Notwithstanding examples like the recent Renren lawsuit and settlement, up until now U.S. derivative lawsuits have, according to the white paper, “not been considered a significant exposure for non-U.S. companies and their D&O insurers, and they are rarely taken into consideration in the pricing of non-U.S. firms.”

 

However, the recent spate of New York derivative lawsuit filed against non-U.S. companies shows that U.S. plaintiffs’ law firms “are interested in pursuing derivative claims against D&Os of foreign companies under plaintiff-friendly U.S. litigation rules and in order to cash in on the companies’ D&O insurance program.” As the Renren case itself shows, “the potential size of these claims … can escalate quickly and for underwriters outside the U.S., this type of potential aggregation is something that merits closer attention going forward.”

 

There is no doubt that this recent surge of U.S. derivative litigation against the boards of non-U.S. companies represents a potentially significant development.
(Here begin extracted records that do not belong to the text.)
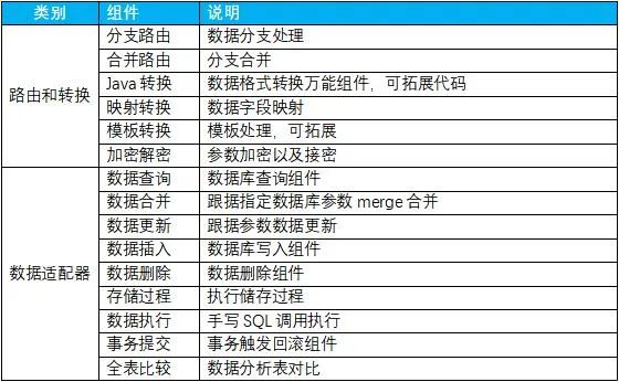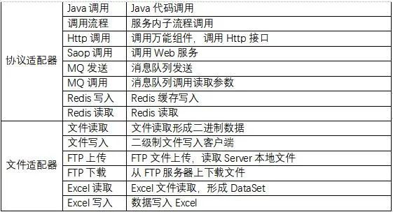 ESB设计器内组件包括数据适配器、协议适配器、文件适配器以及流程接入器,下文对各个组件进行简单介绍。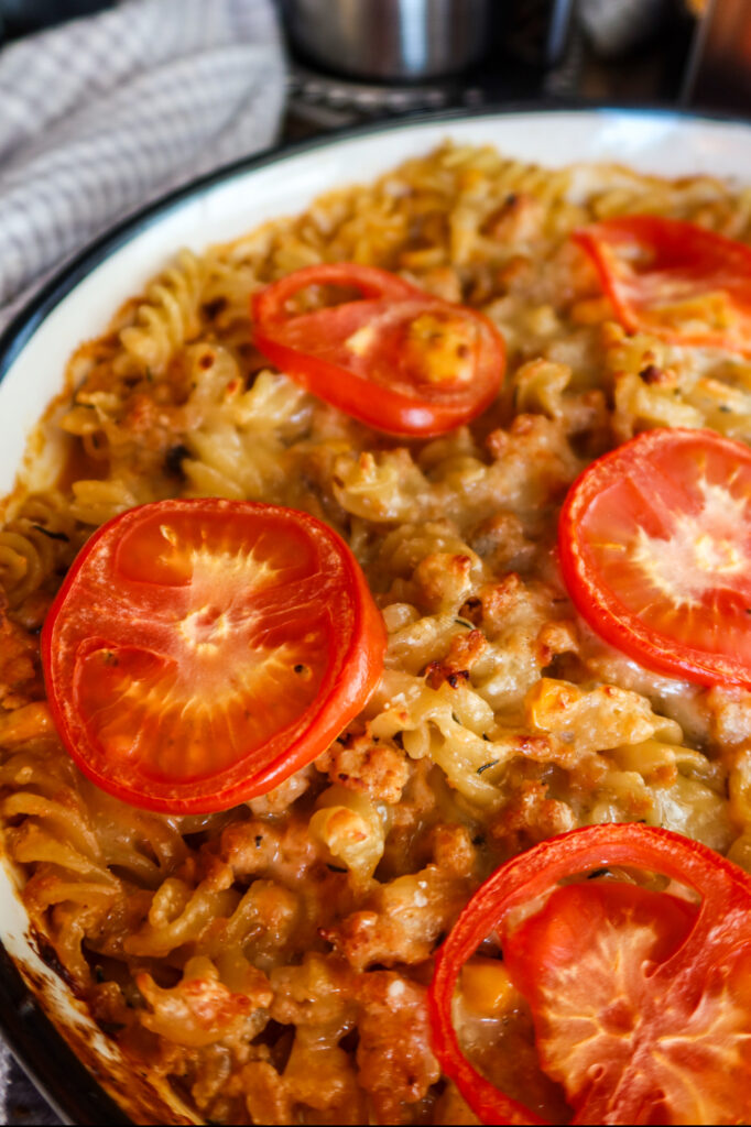 4. Häll kycklingfärssås över pastan, blanda ihop. Toppa med riven västerbottenost och några tomatskivor. In i ugnen på 225 grader tills osten börjar få fin färg.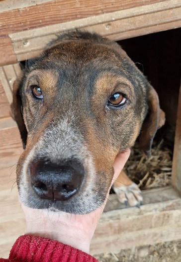 LILUS jaulte schon in seiner Hütte, als wir uns mit anderen Hunden beschäftigt haben. Als wir dann zu ihm gingen, kam der freundliche Kerl ganz vorsichtig heraus und suchte sofort Schutz bei uns. Er hat sich an uns gekuschelt und war einfach nur froh, dass wir da waren. Er ließ sich problemlos überall streicheln.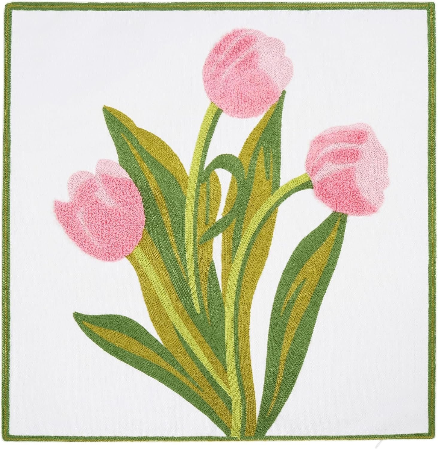 • No Fading: Pink tulip are embroidered with yarn-dyed thread. Not as printed one, it can makes sure the throw pillow cover will never get color fading, whether it is in use or after wash.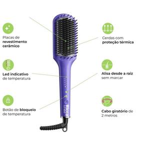 A Escova Alisadora Flat Brush Ricca é a solução perfeita para modelar e alisar os cabelos da raiz até as pontas, de forma uniforme e eficiente. Fácil e prática de usar, proporciona resultados impecáveis sem marcar os fios.SUGESTÃO DE USO:1- Lave e deixe seus cabelos secarem completamente antes de usar a escova alisadora.2- Escolha um protetor térmico da sua preferência para proteger os fios.3- Ligue a escova, selecione a temperatura desejada.4- Note que o led indicador da temperatura piscará até a temperatura chegar na opção desejada.5- O led indicador se manterá aceso quando a escova atingir a temperatura desejada e pronta para ser utilizada.6- Separe uma pequena mecha de cabelo e passe a escova suavemente da raiz às pontas, fazendo movimento de escovação para modelar.7- Evite pressionar a escova em um único lugar por muito tempo para evitar danos e marcações indesejadas ao fio de cabelo e ao couro cabeludo.8- Repita o processo em todas as mechas até alcançar o visual desejado.CARACTERÍSTICAS:- Tecnologia Flat Liss- Cerdas Espaçadas- Led Indicativo de Temperatura Com 4 opções de temperaturas: 160°C, 180°C, 200°C e 220°C- Bivolt- Cabo de 2 metrosINFORMAÇÕES ADICIONAIS:Tecnologia Flat Liss:Placas com acabamento cerâmico com controle de temperatura: Não danifica os fios e facilita o processo de alisamentoCerdas Espaçadas:Deslizam uniformemente pelo cabelo, alisando da raiz as pontas.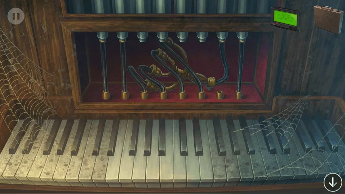 Используем шестигранник на органе, видим восемь шлангов. Подключаем канделябр к седьмому шлангу слева (или второму справа). Нажимаем на клавиши. Из органа вылетает бумажка. Переходим в правую часть зала, главным ключом открываем стеклянную дверь и забираем сердце-самоцвет.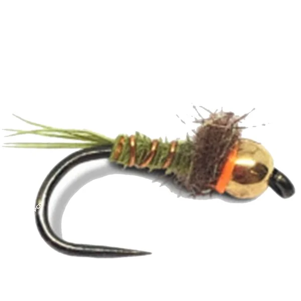 Mouche L’Olive, de type nymphe, avec une bille en laiton, de marque Laurent Jauffret.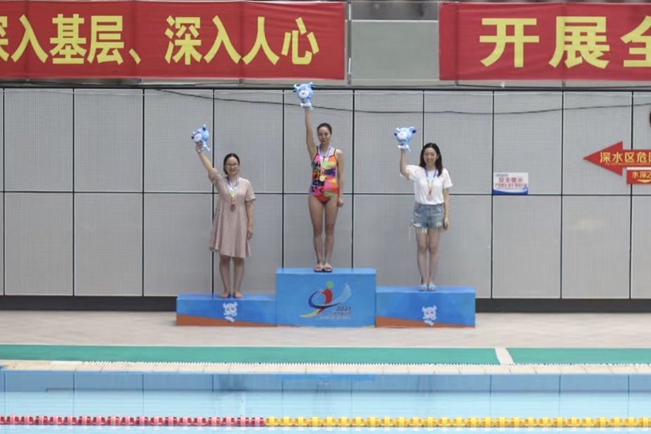 9月12日,游泳比赛在区游泳馆如期举行。游泳比赛分为蛙泳和自由泳两种泳姿,分别设男子、女子50m、100m、200m和4*50m混合接力7个项目,共有27个代表队的173名运动员参加比赛。我安博电子官方网站员工王梦旎应邀代表科学城江津园区队参加比赛,并最终荣获女子200m自由泳银牌的好成绩。

Indeed, given the Renren lawsuit and settlement, the possibilities of these kinds of lawsuit in the future should not be disregarded or overlooked regardless of what happens to the ten recent derivative lawsuit filings. The white paper is correct that the risk of U.S.-based derivative litigation may not always have been fully taken into account in the underwriting and pricing of non-U.S. companies, and to that extent all of these recent developments are important considerations for D&O insurers considering providing insurance for non-U.S. companies should be taking into account.

 

One comment about the plaintiffs’ liability theories concerning the D&O insurance in their complaints against the various boards of the companies involved. The plaintiffs’ insurance related allegations seem to assume that the D&O insurance policy is an asset that exists for the benefit of the company, as a source of funds to compensate alleged victims of wrongdoing. This way of thinking stands the value proposition of D&O insurance on its head. Companies don’t buy D&O insurance so that there is a source of funds to compensation victims. Rather, companies buy D&O Insurance to protect their directors and officers against the liability claims – that is, against the very kinds of claims the plaintiffs in these cases have asserted against the various companies’ board members. The plaintiffs lawyers may confused about this, but readers of this blog and (I hope) the courts should not.